Q.6. List the ways of heat transfer and explain the wet method and dry methods of cooking.

Ways of Heat Transfer

Heat can travel from one place to another in three ways: Conduction, Convection and Radiation. Both conduction and convection require matter to transfer heat. If there is a temperature difference between two systems heat will always find a way to transfer from the higher to lower system.


Conduction is the transfer of heat between substances that are in direct contact with each other. The better the conductor, the more rapidly heat will be transferred. Metal is a good conduction of heat. Conduction occurs when a substance is heated, particles will gain more energy, and vibrate more. These molecules then bump into nearby particles and transfer some of their energy to them. This then continues and passes the energy from the hot end down to the colder end of the substance.


Thermal energy is transferred from hot places to cold places by convection. Convection occurs when warmer areas of a liquid or gas rise to cooler areas in the liquid or gas. Cooler liquid or gas then takes the place of the warmer areas which have risen higher. This results in a continous circulation pattern. Water boiling in a pan is a good example of these convection currents. Another good example of convection is in the atmosphere. The earth’s surface is warmed by the sun, the warm air rises and cool air moves in.


Radiation is a method of heat transfer that does not rely upon any contact between the heat source and the heated object as is the case with conduction and convection.

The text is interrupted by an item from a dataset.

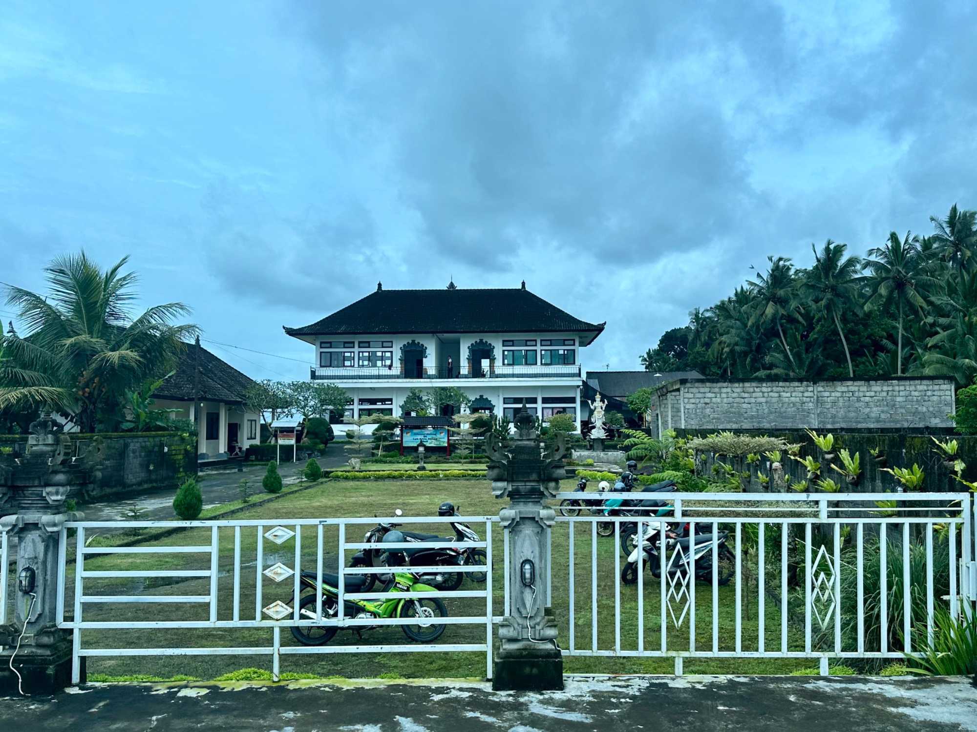Après le dîner, nous nous sommes dirigés vers le Palais royal de Klungkung. Une cour extérieure avec un palais de justice présentant de magnifiques fresques peintes au plafond. Ces dernières rappellent que la justice divine est bien plus implacable que celle des hommes. Les balinais sont tolérants entre eux malgré leurs différences au niveau des croyances. L’unité dans la diversité comme, il nous a été expliqué. Une forte pluie s’est invitée à la fin de notre visite. Devions-nous payer pour notre karma ? Cela nous a tout de même permis de constater que l’urbanisme est à développer pour les systèmes d’égouttement pluviaux.

Heat can be transmitted through empty space by thermal radiation often called infrared radiation. This is a type electromagnetic radiation . No mass is exchanged and no medium is required in the process of radiation. Examples of radiation is the heat from the sun, or heat released from the filament of a light bulb.

Dry Heat Cooking

Dry heat cooking refers to any cooking technique where the heat is transferred to the food item without using any moisture. Dry-heat cooking typically involves high heat, with temperatures of 300 F or hotter. Baking or roasting in an oven is a dry heat method because it uses hot air to conduct the heat. Pan-searing a steak is considered dry-heat cooking because the heat transfer takes place through the hot metal of the pan. Note that the browning of food (including the process by which meat is browned, called the Maillard reaction) can only be achieved through dry-heat cooking. Examples of dry-heat methods include:

  • Roasting & Baking

  • Grilling & Broiling

  • Sautéing & Pan-Frying

  • Deep-Frying

Moist Heat Cooking

Moist heat cooking methods include any techniques that involve cooking with moisture—whether it’s steam, water, stock, wine or some other liquid. Cooking temperatures are much lower — anywhere from 140 F to a maximum of 212 F, because water doesn’t get any hotter than that. Examples of moist-heat cooking methods include:

  • Poaching, Simmering & Boiling

  • Steaming

  • Braising & Stewing


Q.7. (a) Draw and label neatly the structure of egg.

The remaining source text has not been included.